AIDS and Sex Offenders

FOR THE FOURTH year in a row, the Minnesota Legislature is considering a bill that would mandate HIV testing for alleged sex offenders. Previous attempts have failed largely due to the wording of the amendments. In order to qualify for federal subsidies to underwrite the testing, any state legislation must include a provision requiring any convicted sex offender to submit to a test upon the victim's request. This session, the House of Representatives has drafted the proposed amendment in a manner that broadens the scope considerably, and has opponents alarmed over the potential damage to civil liberties.

The House version was originally drafted to require testing after a conviction, but it has since been rewritten to mandate an HIV test when an adult is charged or a juvenile petitioned. And it's not only alleged sex offenders who fall under this legislative gun; the amendment now calls for testing of alleged perpetrators of "any other violent crime." In addition, the language would also allow a cop or prison guard to request testing of an offender if there has been "significant exposure."

While supporters of the amendment are pushing it as a victims' rights measure, Bob Tracy--the public policy director for the Minnesota AIDS Project (MAP)--maintains this is a hollow premise. "It would not alter how a victim responds to an assault. The common practice among sexual assault victim advocates is to encourage immediate counseling and medical care." He further states that victims rarely request offender tests, and most professionals view the HIV status of the alleged perpetrator as unreliable and unusable, largely because of the virus's "window" period. (Depending on the individual, the time frame for detecting HIV antibodies can vary from a few weeks up to six months following exposure.)

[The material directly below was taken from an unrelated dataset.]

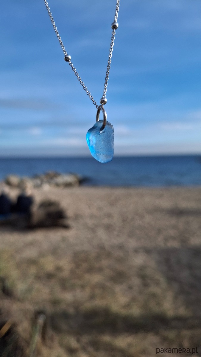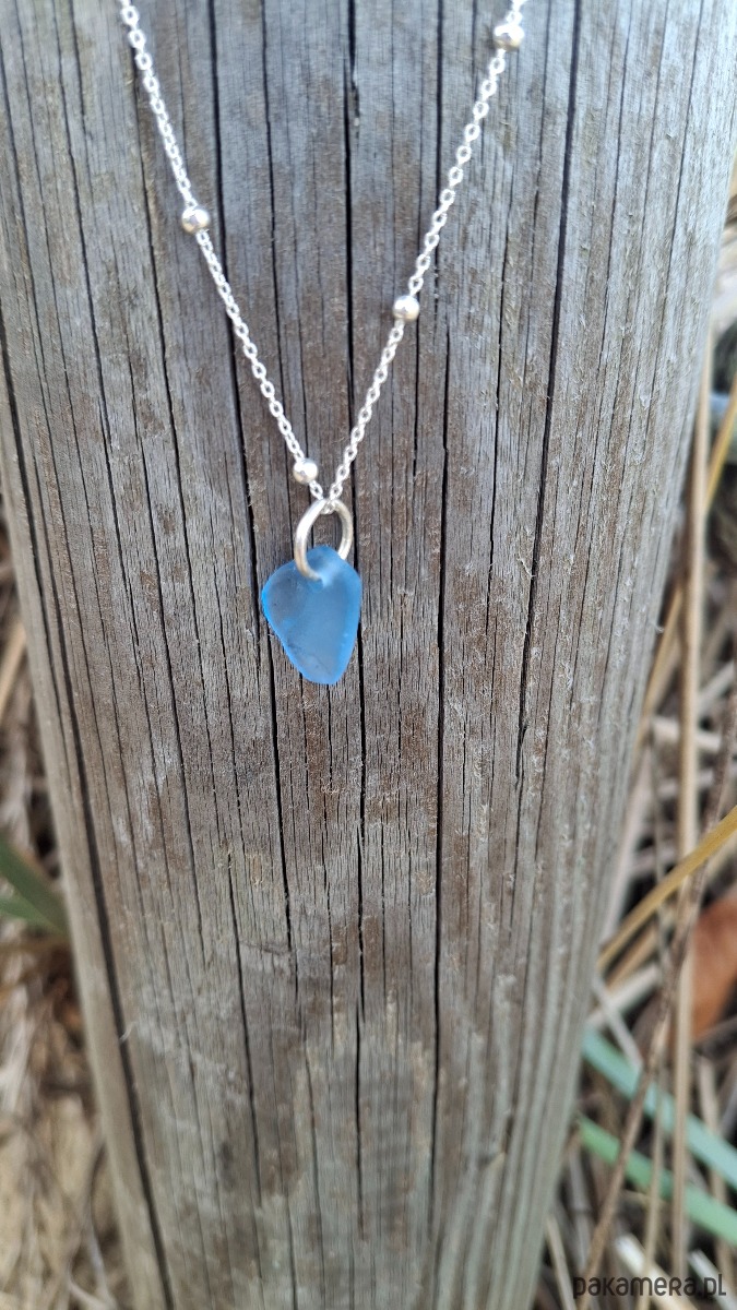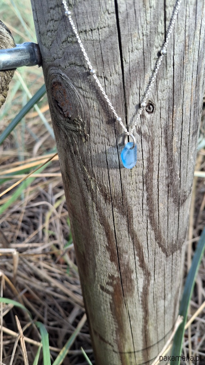 Delikatny srebrny łańcuszek zdobią drobne kuleczki, które połyskują niczym krople wody w słońcu. Sercem naszyjnika jest prawdziwe szkło morskie w kolorze letniego nieba.

Tracy also faults the amendment for providing special protection to a portion of the population he deems as extremely low risk. "Health care workers are at risk through occupational exposure, yet according to a study conducted by the CDC from 1988 to 1994, professional risk is estimated at 0.3 percent." Tracy is similarly alarmed by the vagueness of the term "significant exposure," and the lack of precise directives regarding the release of test results. While he concedes the amendment currently precludes any mention of the test or results in any criminal or court records, Tracy fears word would leak out nonetheless.

The amendment is not currently in the Senate version of the same bill. Conference committee members, among them Judiciary Chair Wes Skoglund (DFL-Mpls.) and Judiciary Finance Chair Mary Murphy (DFL-Hermantown), will convene this week to hammer out a draft.